Allenare i pettorali: la geometria dei piegamenti delle braccia, ovvero molti esercizi in uno

Qualche giorno fa dicevamo che gli esercizi a corpo libero presentano alcuni aspetti che ai patiti di nuove tecnologie possono apparire decisamente naif.
I piegamenti delle braccia a terra sono certamente uno degli esercizi a corpo libero più famosi al mondo, probabilmente perché – assieme ai bicipiti delle braccia – i pettorali (tipicamente sollecitati da questo esercizio) rappresentano il mito dell’uomo muscoloso. Interessante che gli anglofoni lo chiamino push ups (più o meno sollevarsi spingendo) mentre in italiano si parla di arti che si flettono. In effetti, la definizione più usata (impropriamente) è di flessioni. In tutta Italia, fare le flessioni si riferisce inequivocabilmente a questo esercizio.

Credo che tutti sappiamo come si fanno le flessioni nella loro forma classica: distesi a terra proni, con i piedi uniti e le gambe tese, si poggiano simmetricamente le mani a terra ai lati del busto e, facendo forza sulle braccia e sui pettorali, si distendono gli arti superiori per poi tornare nella posizione di partenza.

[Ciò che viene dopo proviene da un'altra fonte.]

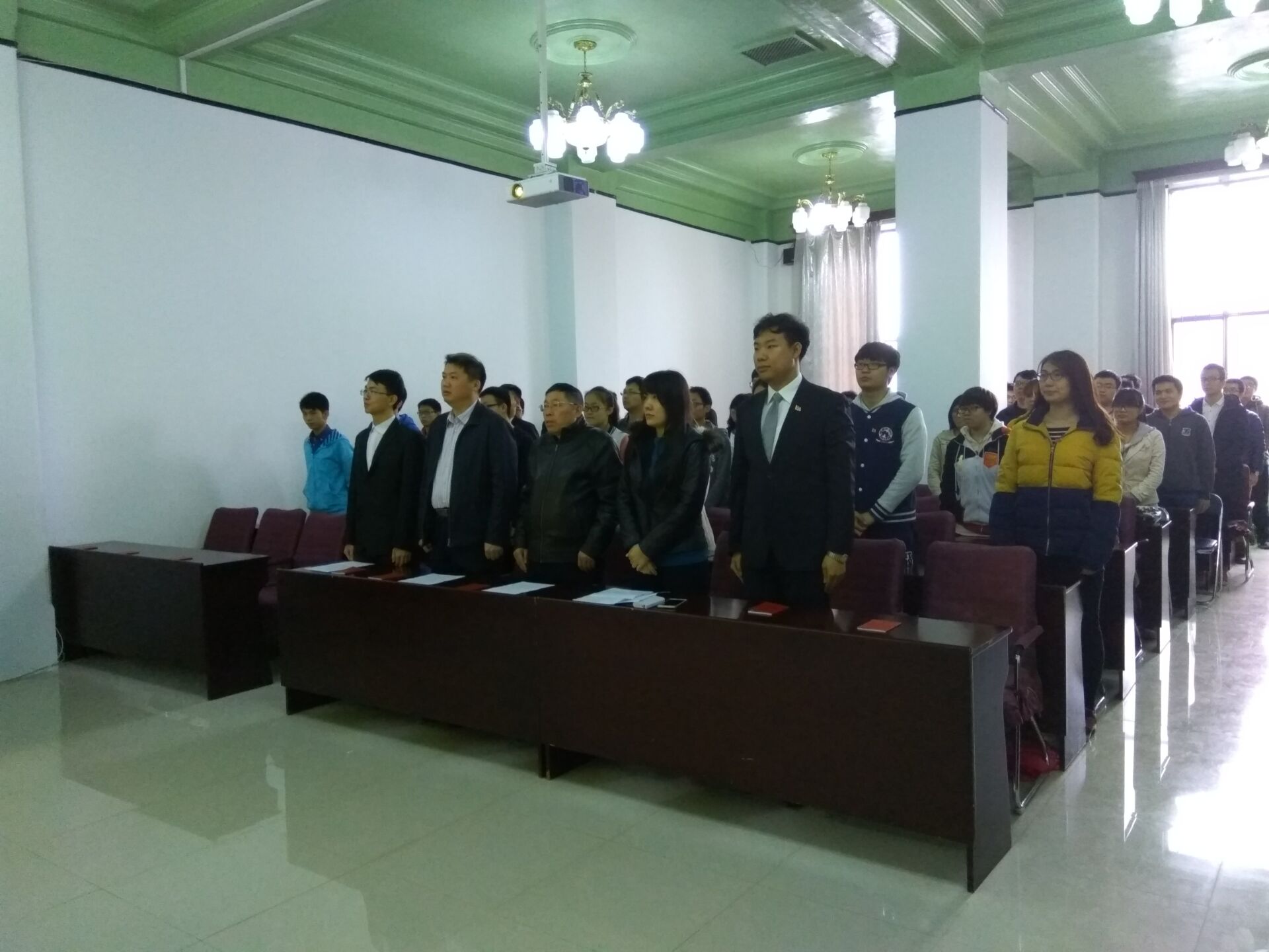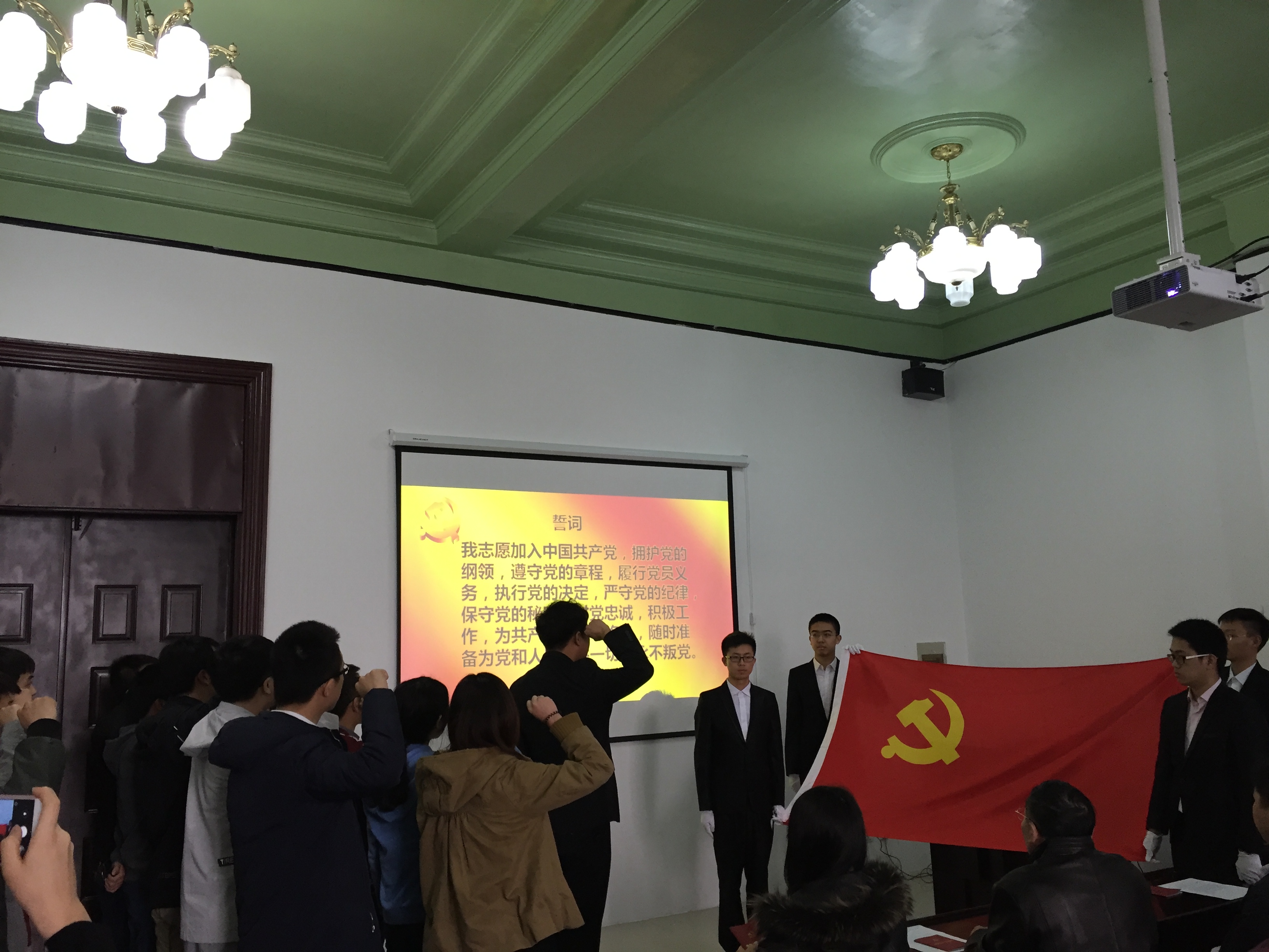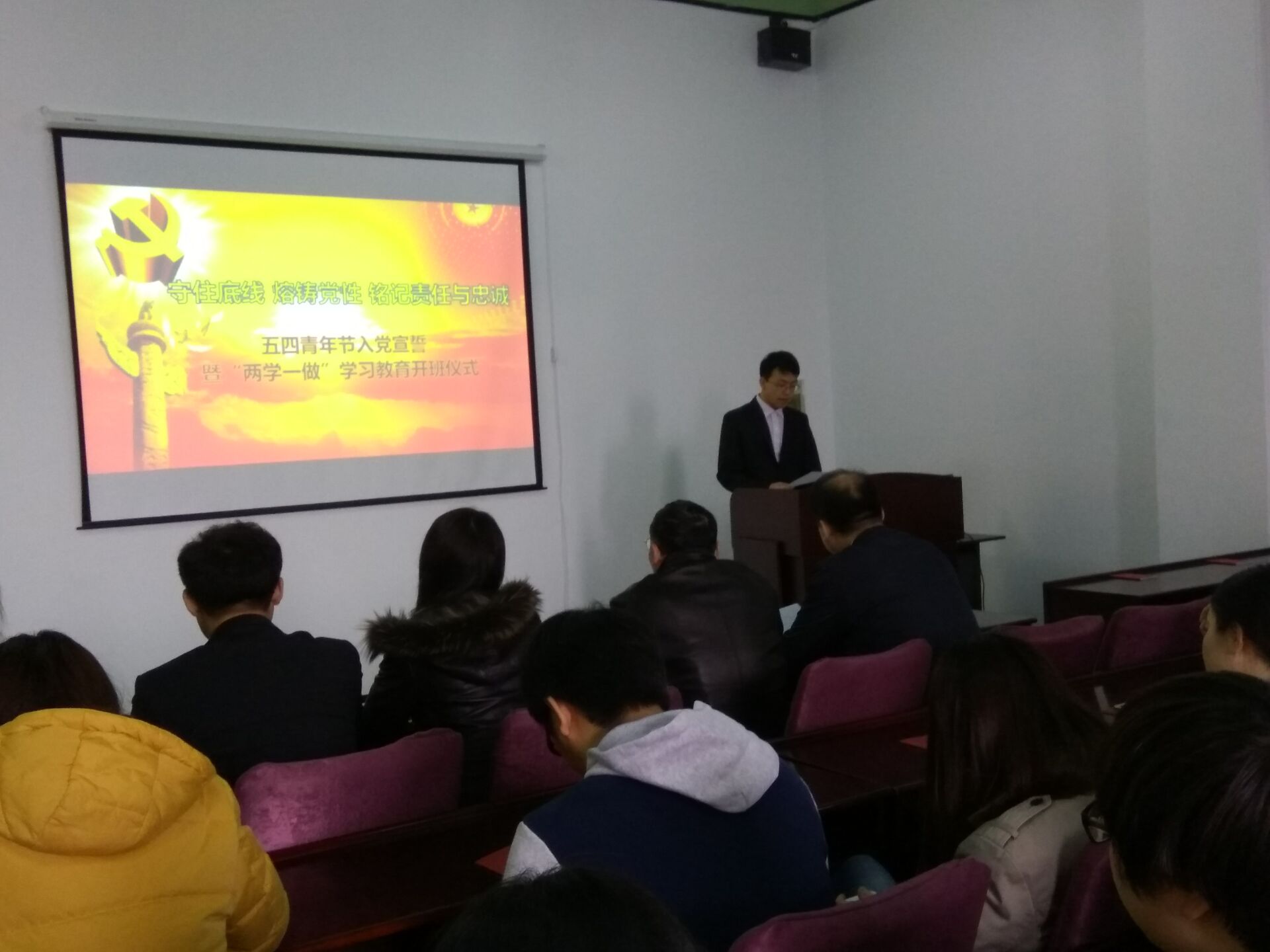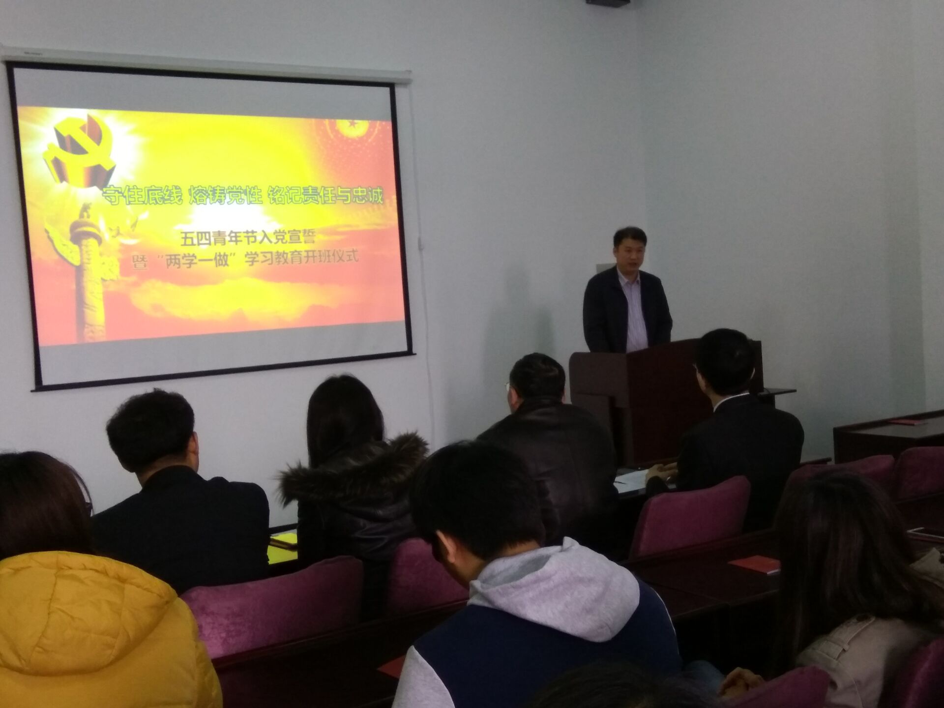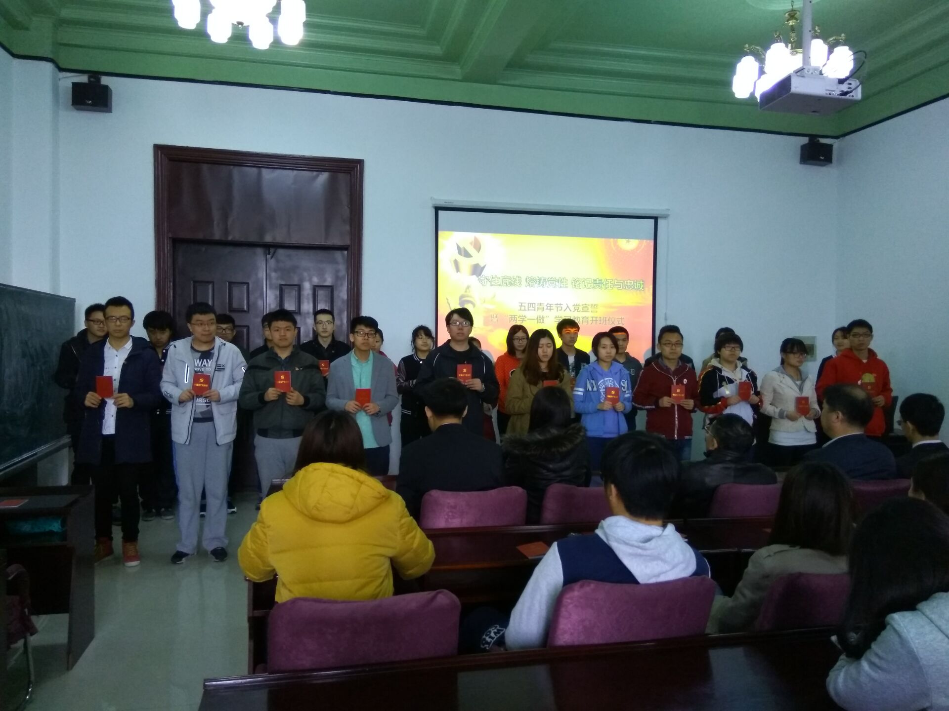 为弘扬五四爱国精神,坚定广老员工党员的理想信念,部署“两学一做”相关工作,best365体育亚洲本科生党支部于2016年5月4日12:30在朝阳校区地质宫208室举行了五四青年入党宣誓暨“两学一做”学习教育开班仪式,公司党委书记余国友教授、党委副书记兼副经理邱增凯老师、员工工作办公室主任王冕老师、本科生党支部全体党员和入党积极分子参加了本次会议。
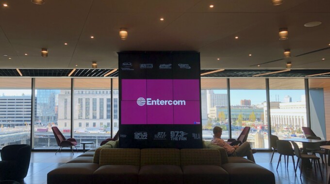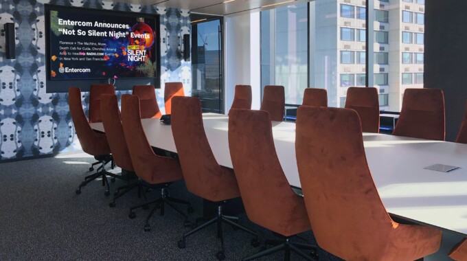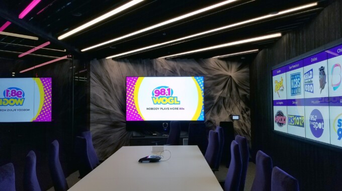 A custom-designed LED display located in the lobby acts as a “showcase” for special events and custom content. Visitors and potential clients alike can witness all that Audacy has to offer at a glance.
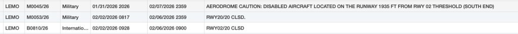 On Monday, the FAA issued two more NOTAMs, notifying pilots that both the military and civilian runways at the facility would be closed until Feb. 6.
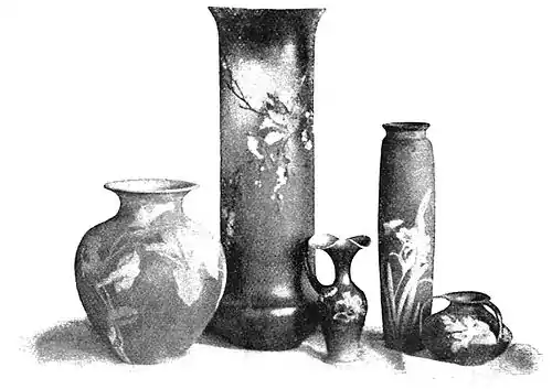 bodies, produces the effect of rich tones of black, yellow, green, red, brown, and amber, harmoniously blended, of great depth and strength. A number of competent artists are constantly employed m beautifying the wares, the decorations being entirely underglaze. Mr. Kataro Shirayamadani, a Japanese painter of the best school, is doing some of the finest work in Oriental methods. Mr. A. R. Valentien, Mr. M. A. Daly, and others rank among the best American decorators in their particular lines. The above engraving will give a fair idea of some of the forms of vases produced, but no adequate conception of the great beauty of the glazing can be conveyed in black and white.

L’aspetto apparentemente poco moderno di questo esercizio, cui accennavo poc’anzi, consiste nel fatto che è piuttosto difficile individuare un criterio per stabilirne il carico effettivo, cioè quanto peso si sta effettivamente sollevando con le braccia. Quello che possiamo dire è che si tratta di un valore certamente inferiore al peso corporeo, a meno di non utilizzare un peso supplementare. Buona parte del nostro peso, infatti, si scarica a terra tramite l’appoggio dei piedi.
Notiamo anche che il carico viene distribuito sui vari gruppi muscolari coinvolti (soprattutto pettorali, deltoidi, tricipiti delle braccia) a seconda della nostra conformazione fisica e di come effettuiamo l’esercizio.
Trovo interessante anche il fatto che ci sia questo parallelo tra la complessità del muscolo pettorale e la versatilità dell’esercizio…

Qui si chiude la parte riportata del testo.